O conhecimento das relações existentes entre a exposição profissional e as suas repercussões sobre a saúde dos trabalhadores expostos, adquire-se pelo estudo simultâneo dos factores ambientais e dos respectivos efeitos (UVA e FARIA, 2000). Qualquer estratégia de prevenção de um risco de natureza química implica, assim, a caracterização da exposição ambiental ao tóxico e a avaliação dos efeitos sobre o organismo dos trabalhadores. À universalidade do seu objectivo (eliminar ou atenuar o risco de efeitos adversos) contrapõe-se, contudo, a particularidade da sua aplicação, não podendo em cada contexto ser delineada e implementada sem o prévio entendimento das especificidades de cada realidade a que se destina.

Não basta quantificar o risco, quer pela presença do seu agente quer pela dimensão dos seus efeitos. Importa caracterizá-lo nas suas vertentes qualitativas, de modo a que sejam compreendidos o contexto em que a exposição se desenvolve e o conjunto de variáveis que influenciam, em maior ou menor extensão, de modo mais ou menos directo, a relação entre o tóxico/factor de risco e os trabalhadores a ele expostos.
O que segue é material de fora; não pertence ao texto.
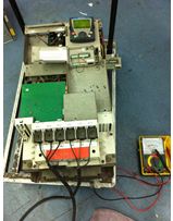 該變頻器清潔后,依次安裝整流模塊、逆變模塊、電容。然后連接件處理干凈,去除打火痕跡及生銹痕跡,安裝驅(qū)動卡,待整機安裝好后,測試,符合上電條件。給變頻器送電,開機、輸出電壓平衡,帶負載到額定電流,變頻器發(fā)熱也正常,該變頻器修復(fù)。

Estando aqui em causa as consequências para a saúde determinadas por actividades que impliquem exposição ao chumbo (tóxico), importa reconhecer o conjunto de condicionantes que integram cada realidade do trabalho e perceber quais, de entre elas, influenciam e de que modo a exposição que se pretende caracterizar, primeiro e controlar logo depois. E, neste contexto, todas as questões são, à partida, valorizáveis: as características dos próprios trabalhadores, o seu grau de formação quanto ao risco em presença, os processos técnicos e as tecnologias utilizadas, as exigências físicas em causa, os mecanismos de protecção disponíveis, os ritmos e sistemas de laboração, as características das instalações, os equipamentos individuais de protecção utilizáveis são, entre outros, elementos a apreciar e sobre os quais importa identificar se e como influenciam a exposição dos trabalhadores.

É nesta perspectiva que a metodologia ergonómica de análise das situações de

trabalho, designadamente na óptica da designada corrente da actividade humana,

oferece um inestimável contributo para uma adequada caracterização do risco e consequente definição de medidas de correcção.

E é este conhecimento que oferece às quantificações ambientais e biológicas a valorização indispensável a uma adequada interpretação da interacção tóxico/organismo.

As manifestações clínicas do saturnismo dependem muito da sensibilidade individual e, dada a sua grande inespecificidade, designadamente na fase inicial, devem ser valorizadas com ponderação e rigor, valorizadas no quadro da exposição verificada e equacionadas sempre em função de testes complementares de diagnóstico, de que ressaltam o doseamento adequado dos indicadores biológicos pertinentes, quer de dose quer de efeito.

Ao Médico do Trabalho, no contexto de um programa de prevenção dos efeitos adversos relacionados com a exposição profissional a chumbo, competirá, assim, conhecer as manifestações clínicas da intoxicação, para as poder detectar na sua fase mais precoce mas, para além disso e fundamentalmente, saber utilizar os indicadores biológicos e interpretar a sua informação, de modo a avaliar a interacção do tóxico com o organismo numa fase ainda mais inicial, em que os efeitos são reversíveis.